Sequence and structural comparisons of tyrosine sulfation sites in evasins and chemokine receptors. (A) Aligned partial sequences of the N-terminal regions of selected evasins (Top) and human CC chemokine receptors (Bottom). Alignment is based on the structural overlay of chemokine ligands in structures of evasin-1 bound to CCL3 and CCR5 bound to 5P7-CCL5 (D). Potentially sulfated tyrosine residues are in red bold type. (B–D) Partial structure of evasin-1 (residues 1–39 shown as red ribbons, with the first disulfide in yellow) bound to CCL3 (wheat ribbons, disulfides as sticks) (25) overlayed with (B) the structure of a CCR5-derived doubly sulfated peptide (CCR5 S-pep, green) bound to CCL5 (gray) (48), (C) the structure of a CCR3-derived doubly sulfated peptide (CCR3 S-pep, magenta) bound to CCL11 (gray) (47), and (D) the structure of CCR5 (transmembrane helices TM1 and TM7 shown as blue ribbons, with the connecting disulfide in yellow) bound to 5P7-CCL5 (gray) (25, 46). The dashed blue line indicates the N-terminal region of CCR5, which is not defined in the crystal structure. Numbered arrows indicate the known or likely positions of Tyr sulfation. The structural overlays are based on chemokine sequence alignments extending from the CC motif to end of the C-terminal α-helix.
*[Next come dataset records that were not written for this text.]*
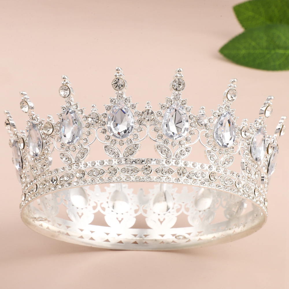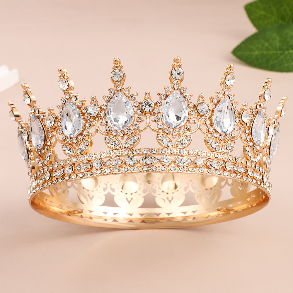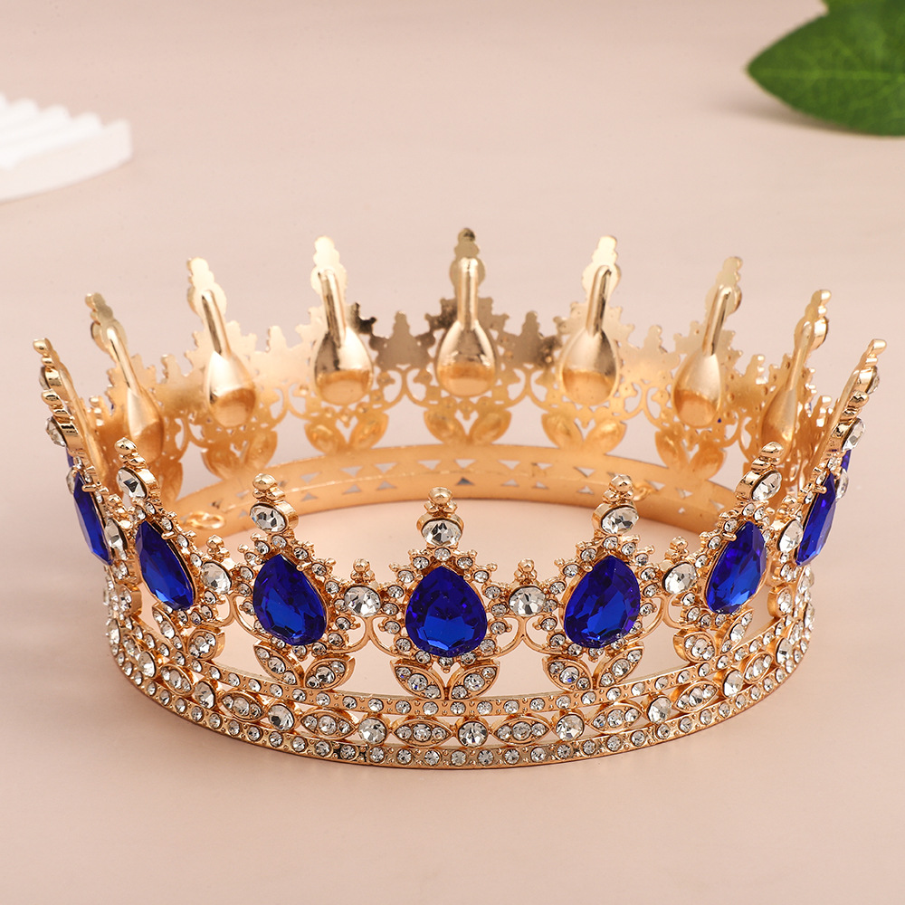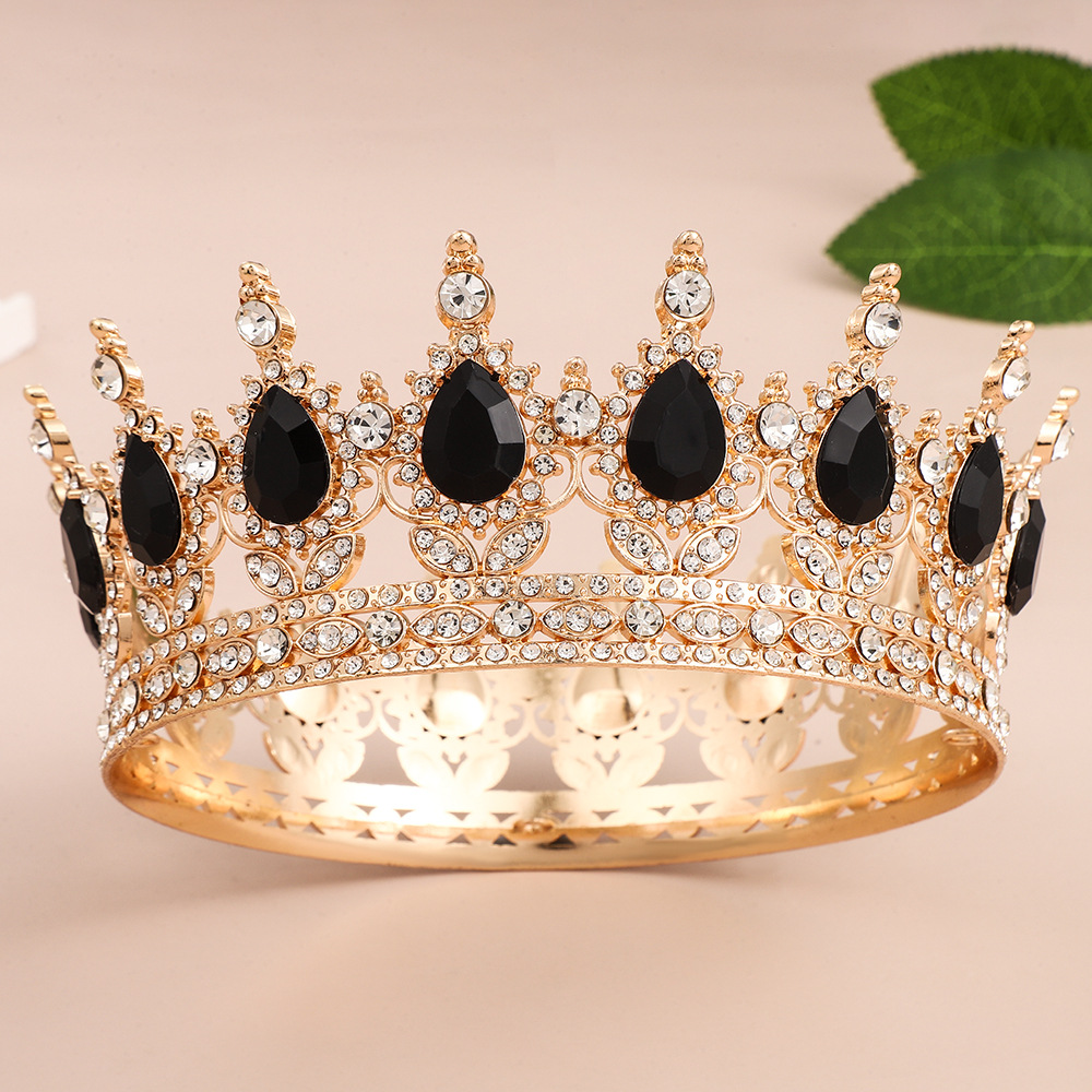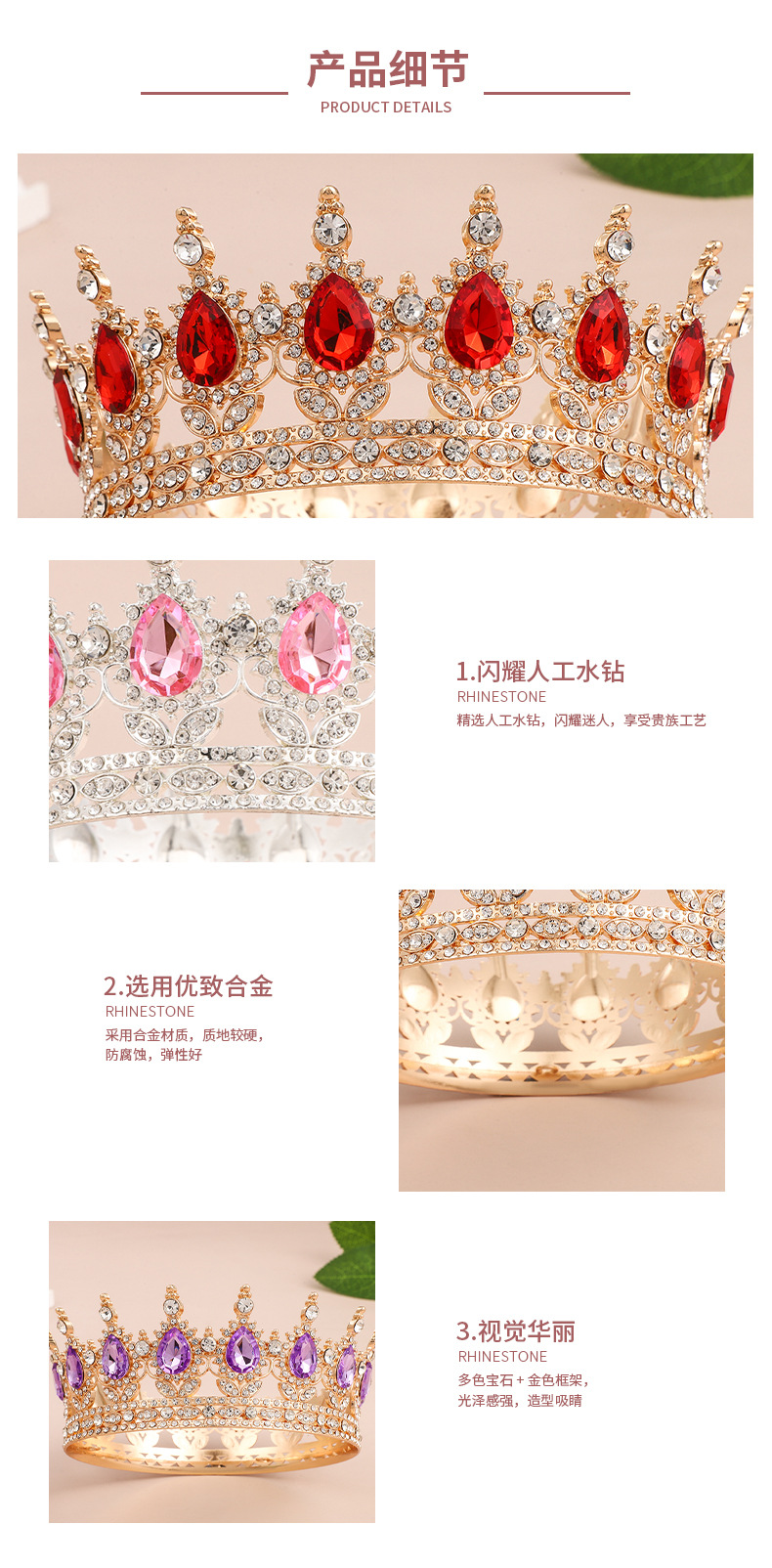 跨境圆冠巴洛克合金圆皇冠水钻头饰生日成人礼皇冠圆型王冠皇冠女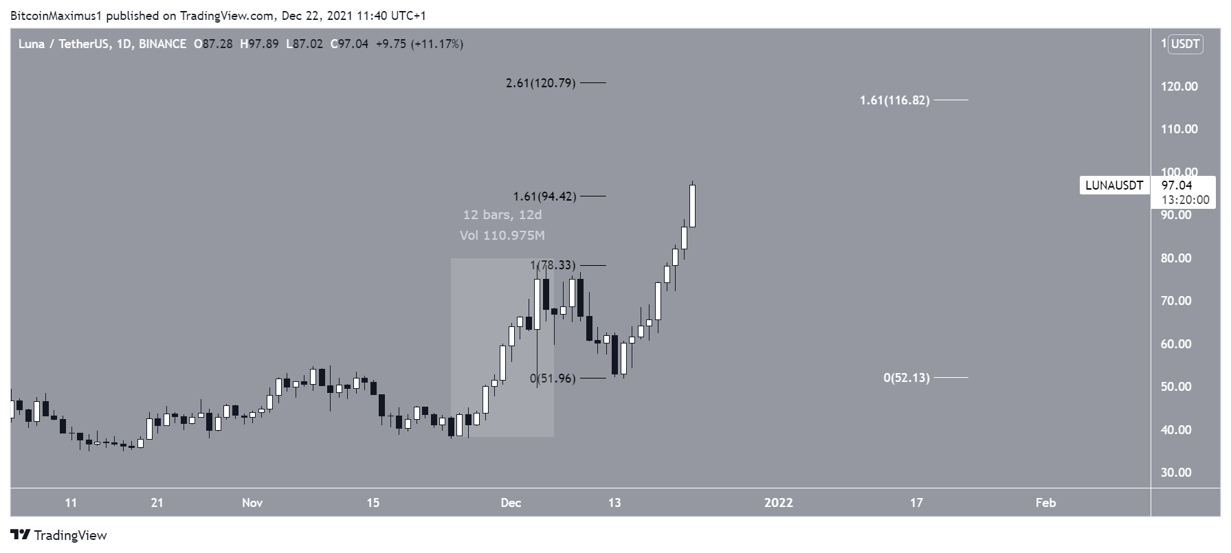 LUNA has been increasing at an accelerated rate since reaching a local low on Dec 13. On Dec 22, it reached a new all-time high price of $98.20.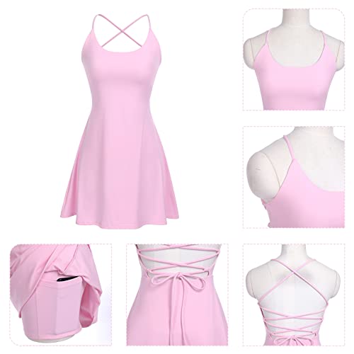 HOT ! Tennis Dress for Women Backless Lace Up Workout Dress with Built-in Bras & Shorts Exercise Athletic Golf Dresses for Women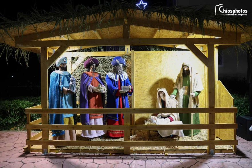 Ένα ξεχωριστό χριστουγεννιάτικο σκηνικό έχει στηθεί στη Χίο, όπου ένα εντυπωσιακό χωριό φτιαγμένο εξ ολοκλήρου από πλεκτά δημιουργεί εικόνες βγαλμένες από παραμύθι και προσελκύει το ενδιαφέρον μικρών και μεγάλων. Στο επίκεντρο δεσπόζει ένα χριστουγεννιάτικο δέντρο ύψους 10 μέτρων, το οποίο έχει κατασκευαστεί από 3.500 πλεκτά τετράγωνα μοτίβα, ενώ τα συνολικά εκθέματα του χωριού ξεπερνούν τα 30.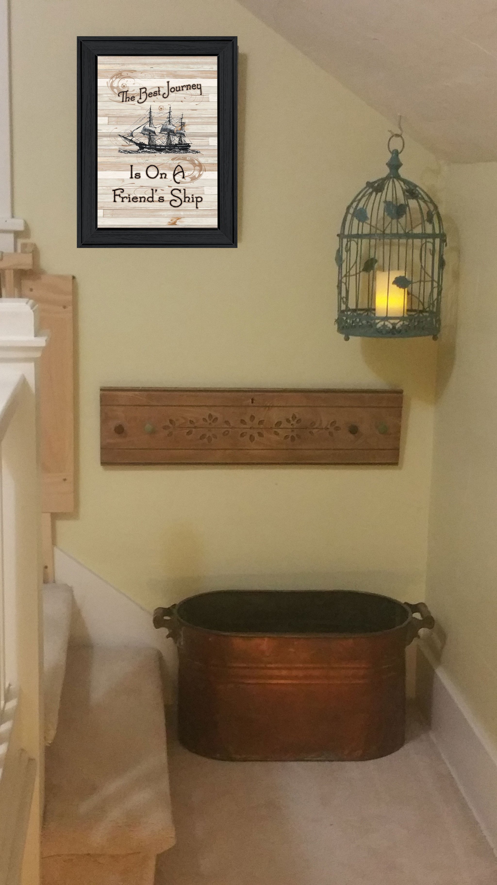 The friendship journey 1 black framed print wall art is the perfect decorative accessory for your home. This transportation inspired wall art features a ship icon and will bring a refreshing look and perspective to your walls. This print is a visual artistic expression that allows you to decorate your space in style. Reproduced for you on paper, this hanging decorative accent will be a trendy and fashionable way to dress your walls. Adding this hanging wall art to your space to make your room feel more finished and attractive. Utilize this opportunity to create a focal point in the room with this fabulous wall decor option. 15-inch H x 11-inch W x 1-inch D

Disordered regions of chemokines and peptides are omitted for clarity.

Materials and Methods

Full details for peptide synthesis, bacterial and mammalian protein expression, ligation and refolding reactions, proteomics, and chemokine-binding and chemokine-inhibition assays of ACA-01 variants can be found in SI Appendix.

Data Availability.

HPLC chromatograms and ESI and matrix-assisted laser desorption/ionization time-of-flight mass spectra for synthetic (sulfo)peptides 6–9, expressed ACA-01 protein fragment 5 and semisynthetic ACA-01 (sulfo)proteins 11–14 (unfolded) and 1–4 (folded) can be found in SI Appendix. One- and two-dimensional NMR characterization data for (sulfo)peptides 6–9 are also included in SI Appendix. RAW MS data have been deposited at the ProteomeXchange Consortium (http://proteomecentral.proteomexchange.org) via the PRIDE partner repository with the dataset identifier PXD016778. RAW data were analyzed using Byonic (Protein Metrics) and the search output has also been uploaded to the ProteomeXchange Consortium under the same identifier. All chemokine-binding and chemokine inhibition data can be found in SI Appendix.